Помимо права на ошибку, Довлатов даровал своему герою право на чудо. Какой же русский не верит в чудо: “прилетит вдруг волшебник в голубом вертолете” (слова детской песни), или: “пройдет не более года — и у каждого честного телеграфиста будет свой стул, своя ручка, и по праздникам в супе своя курица” [36, 205], или Великий Инквизитор Достоевского был прав, сказав, что люди не любят свободу и боятся ее, а ищут какую-то опору в жизни, в виде хлеба, авторитета и чуда. Дидро писал о том, что чудеса появляются там, где их ждут. Не следует совмещать веру довлатовского героя в чудо с верой в Бога, хотя Бог — милый, чудаковатый старик, который “заботится только о младенцах, пьяницах и американцах” [32, 275], т. е. обо всех героях Довлатова, подходящих под эти категории. Атеизм доказал, что Бог “рукотворен”.

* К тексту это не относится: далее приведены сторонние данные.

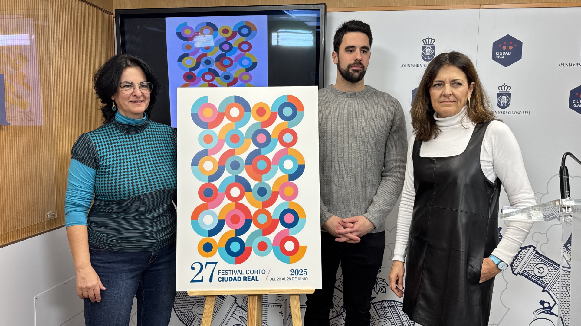 La 27 edición del Festival Corto de Ciudad Real ya tiene imagen: “Cinemática”, creación del diseñador gráfico Alberto León. El concejal de Juventud, Pau Beltrán, y las codirectoras del Festival, Blanca Sáenz y Pepa Gómez, han sido hoy los encargados de presentar la propuesta gráfica seleccionada por el jurado de entre los 86 trabajos que participaron en el concurso llegados de toda España, 20 de ellos de Ciudad Real. Una creación “abstracta pero muy evocadora”, así la ha definido su autor.

Еще одно право героя — это право на ложь. “Тут мне хочется вспомнить один случай. Один алкаш рассказал одну историю: “Был я, понимаете, на кабельных работах. Натурально, каждый вечер поддача. Белое, красное, одеколон… Рано утром встаю — колотун меня бьет. И похмелиться нечем. Еле иду… Вдруг навстречу — мужик. С тебя ростом, но шире в плечах. Останавливает меня и говорит: — Худо тебе? — Худо, — отвечаю. На, — говорит, — червонец. Похмелися. И запомни — я академик Сахаров…” [51, 27].
Ложь как выдумка, как средство против гигантской лжи, как ниточка к чуду, как творчество: сказка убогого забулдыги о благородном волшебнике. “Ведь именно так создается фольклор. Это уже больше, чем анекдот — это трансформация мечты о справедливости. Бескорыстное вранье — это не ложь, это поэзия” [27, I, 184]. Право на ложь смешивается с правом на анекдот. После 1917 года исторический взрыв смешал все жизненные карты и вложил неожиданные слова в уста самых для этого неподходящих людей. В анекдоте застыла та самая трансформированная справедливость. Из нас пытались вытравить историческую память, она же, свойственная по жанровой природе анекдоту, вселилась в него. Там, где оставляют место для идеальной истории, обычно пишется ее параллель. Анекдот появляется на почве плохо выраженных временных границ. Сюжет приобретает авантюрное ускорение в неизвестность, и наступает пора “малой формы”. Формы, которая могла создавать условия для реализации вышеперечисленных прав, прав, “охраняемых” Стражем вечной любви к герою.
§ 4. Нереализованное право свободы
Смирившись с грандиозным языческим злом в нашу постхристианскую эпоху, мы на уровне своего повседневного бытия, бытьишка, сами того не сознавая, не можем ничего кроме зла и выбирать… А кто-то внутри нас плачет и не согласен…
А. Кучаев “Записки Синей Бороды” [47, 22].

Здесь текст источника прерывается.